ASM 22.2 Likelihood Ratio Algorithm

[GoBolts]

(22.2 From the 4th edition)

The question lists loglikelihoods for 1,2,3,4,5 parameter distributions. Using 95% confidence how many parameters are in the selected model.

In the solution it compares 2(1param-2param) to the value in the chi sq table, then it compares 2(1param-3param) and then 2(1param-4param). The 4 param distribution is the first which twice the difference in the loglikelihoods is greater than the value from the table. Then when you test the 5 parameter distribution the solution is comparing 2(4param-5param).

What is the process when you are moving up through adding new parameters. Is it as follows: You start off assuming the simplist 1 parameter distribution. Then you add parameters if they are deemed worth it by the test. Then once you find one that is worth it, that becomes your new starting point for comparing and adding more parameters?

[Kabaka]

Quote:

Originally Posted by GoBolts

What is the process when you are moving up through adding new parameters. Is it as follows: You start off assuming the simplist 1 parameter distribution. Then you add parameters if they are deemed worth it by the test. Then once you find one that is worth it, that becomes your new starting point for comparing and adding more parameters?

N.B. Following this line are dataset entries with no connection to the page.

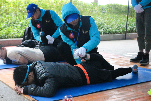 志愿者为参赛选手拉伸放松
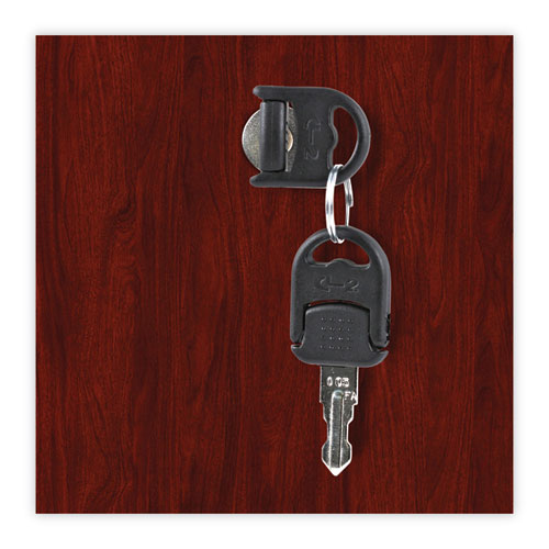 Pedestal file cabinet attaches under worksurface, making it ideal for accessing files from your desk. Sturdy, four-sided drawer construction with separate front panel. Full-extension ball bearing slides on file drawer for easy access to files. Drawers lock for securing contents. Durable 3 mm edge banding protects against bumps and dings. Two, fold-away safety keys for a slimmer profile are included.
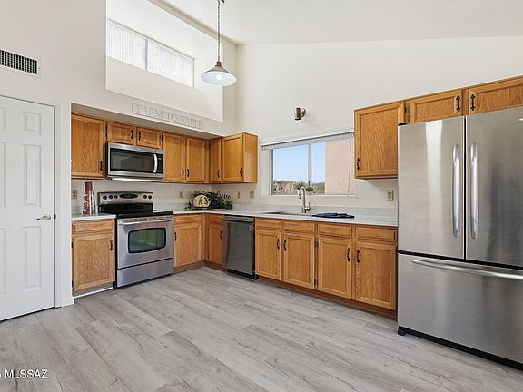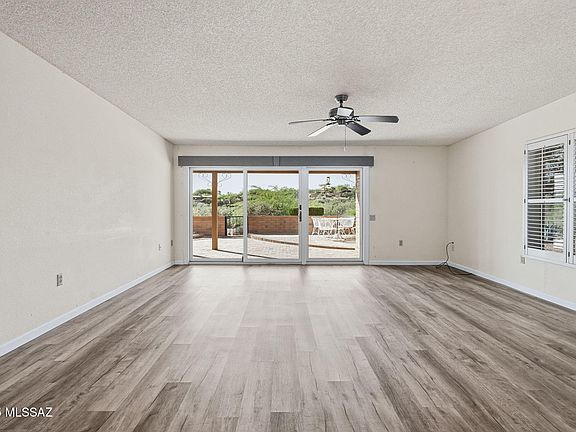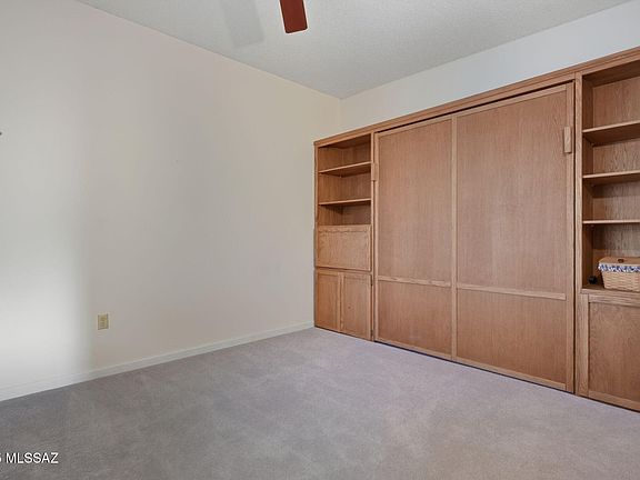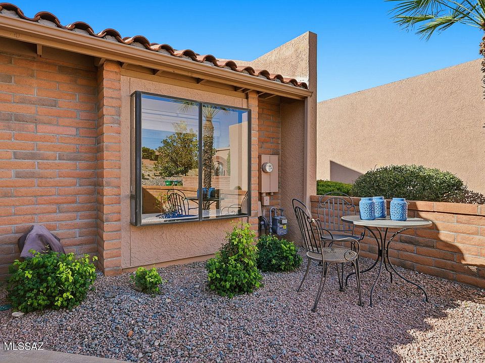 Soak in the beauty of the Santa Rita Mountains from your spacious back paver patio, an inviting outdoor retreat perfect for sunrise coffee, evening sunsets, and year-round desert living. Inside, the bright kitchen captures the charm of AZ with skylights, a garden window, and SS appliances. The open LR/DR features a newer south-facing slider wall of windows, also enjoyed in the primary bedroom, filling the home with sunshine and framing those classic desert skies. Your guests will love their own versatile space, complete with a wall bed, built-in desk, generous storage, and a window overlooking the private front courtyard. An oversized 2-car garage with abundant storage cabinets ensures room for all your gear, and desert essentials. This TH is ready to be your ''Home Sweet Desert Home''.
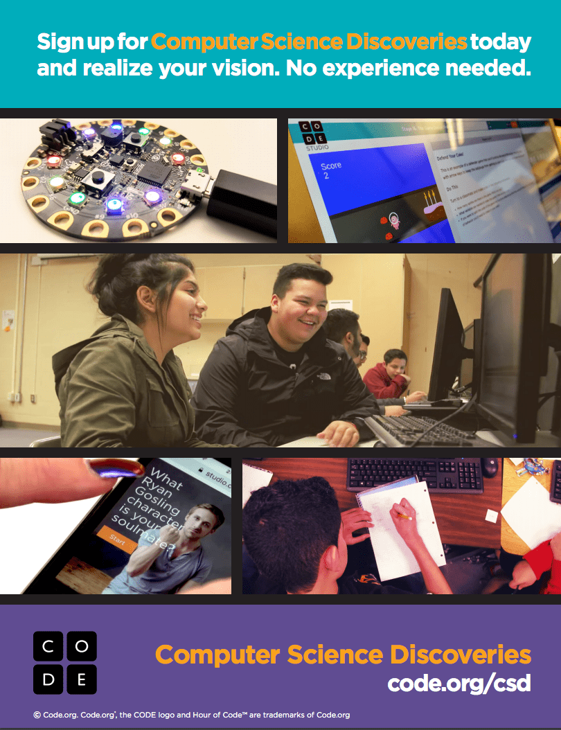 Close your session by handing out recruitment flyers for [CS Discoveries](/files/programs/csd-student-flyer.pdf) or [CS Principles](/files/programs/csp-student-flyer.pdf).

That's how I understand it.

[Kazodev]

The theory is basically you have a tradeoff between fit and complexity. So if you wanted you could pick a distribution with 200 parameters and it would fit your data perfectly but is that really what you shoul do? What if you picked a distribution with 3 paramters and it fit 98% of your data? So there are different ways to penalize for adding paramters, loglikelihood is one, AIC(BIC) is another one, etc.